Re: [Bug] WARNING: ODEBUG bug in __mcheck_cpu_init_timer

From: Sam Sun
Date: Wed Mar 13 2024 - 12:32:44 EST


On Wed, Mar 13, 2024 at 10:52 PM Borislav Petkov <bp@xxxxxxxxx> wrote:
>
> On Mon, Mar 04, 2024 at 10:26:28PM +0800, Sam Sun wrote:
> > Dear developers and maintainers,
> >
> > We encountered a kernel warning with our modified Syzkaller. It is
> > tested on kernel 6.8.0-rc7. C repro and kernel config are attached to
> > this email. Bug report is listed below.
>
> See if that fixes it.
>
> Thx.

I applied this patch on the latest kernel mainline commit, and the C
repro could not trigger this bug.
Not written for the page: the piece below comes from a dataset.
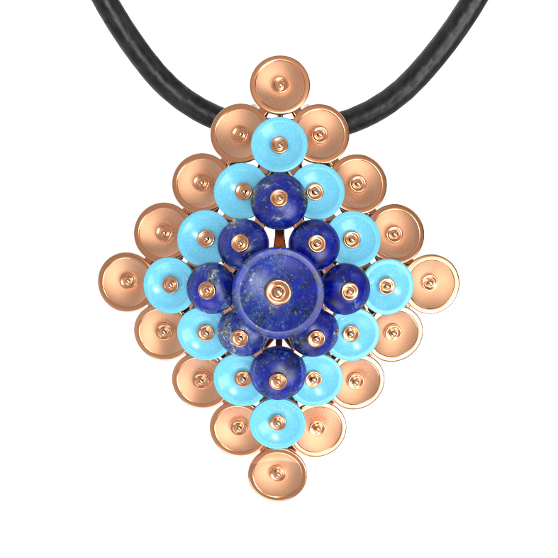 Подвеска из золота c бирюзой и лазуритом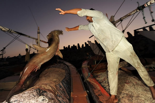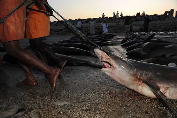 10多年来,德国摄影师托马斯・帕斯查克(Thomas P. Peschak)一直用手中的镜头记录世界各地的鲨鱼和血腥的鲨鱼贸易,其中就包括阿拉伯半岛。现在,阿拉伯半岛已成为全球最大的鲨鱼鳍供应地之一。由于消费者对鱼翅羹的旺盛需求――尤其是远东地区――全球鲨鱼鳍贸易十分猖獗。

I think this bug is fixed by this
patch.

Best Regards,
Yue

>
> ---
> From: "Borislav Petkov (AMD)" <bp@xxxxxxxxx>
> Date: Wed, 13 Mar 2024 14:48:27 +0100
> Subject: [PATCH] x86/mce: Make sure to grab mce_sysfs_mutex in set_bank()
> MIME-Version: 1.0
> Content-Type: text/plain; charset=UTF-8
> Content-Transfer-Encoding: 8bit
>
> Modifying a MCA bank's MCA_CTL bits which control which error types to
> be reported is done over
>
> /sys/devices/system/machinecheck/
> ├── machinecheck0
> │ ├── bank0
> │ ├── bank1
> │ ├── bank10
> │ ├── bank11
> ...
>
> sysfs nodes by writing the new bit mask of events to enable.
>
> When the write is accepted, the kernel deletes all current timers and
> reinits all banks.
>
> Doing that in parallel can lead to initializing a timer which is already
> armed and in the timer wheel, i.e., in use already:
>
> ODEBUG: init active (active state 0) object: ffff888063a28000 object
> type: timer_list hint: mce_timer_fn+0x0/0x240 arch/x86/kernel/cpu/mce/core.c:2642
> WARNING: CPU: 0 PID: 8120 at lib/debugobjects.c:514
> debug_print_object+0x1a0/0x2a0 lib/debugobjects.c:514
>
> Fix that by grabbing the sysfs mutex as the rest of the MCA sysfs code
> does.
>
> Reported by: Yue Sun <samsun1006219@xxxxxxxxx>
> Reported by: xingwei lee <xrivendell7@xxxxxxxxx>
> Signed-off-by: Borislav Petkov (AMD) <bp@xxxxxxxxx>
> Cc: <stable@xxxxxxxxxx>
> Link: https://lore.kernel.org/r/CAEkJfYNiENwQY8yV1LYJ9LjJs%2Bx_-PqMv98gKig55=2vbzffRw@xxxxxxxxxxxxxx
> ---
> arch/x86/kernel/cpu/mce/core.c | 4 +++-
> 1 file changed, 3 insertions(+), 1 deletion(-)
>
> diff --git a/arch/x86/kernel/cpu/mce/core.c b/arch/x86/kernel/cpu/mce/core.c
> index b5cc557cfc37..84d41be6d06b 100644
> --- a/arch/x86/kernel/cpu/mce/core.c
> +++ b/arch/x86/kernel/cpu/mce/core.c
> @@ -2500,12 +2500,14 @@ static ssize_t set_bank(struct device *s, struct device_attribute *attr,
> return -EINVAL;
>
> b = &per_cpu(mce_banks_array, s->id)[bank];
> -
> if (!b->init)
> return -ENODEV;
>
> b->ctl = new;
> +
> + mutex_lock(&mce_sysfs_mutex);
> mce_restart();
> + mutex_unlock(&mce_sysfs_mutex);
>
> return size;
> }
> --
> 2.43.0
>
> --
> Regards/Gruss,
> Boris.
>
> https://people.kernel.org/tglx/notes-about-netiquette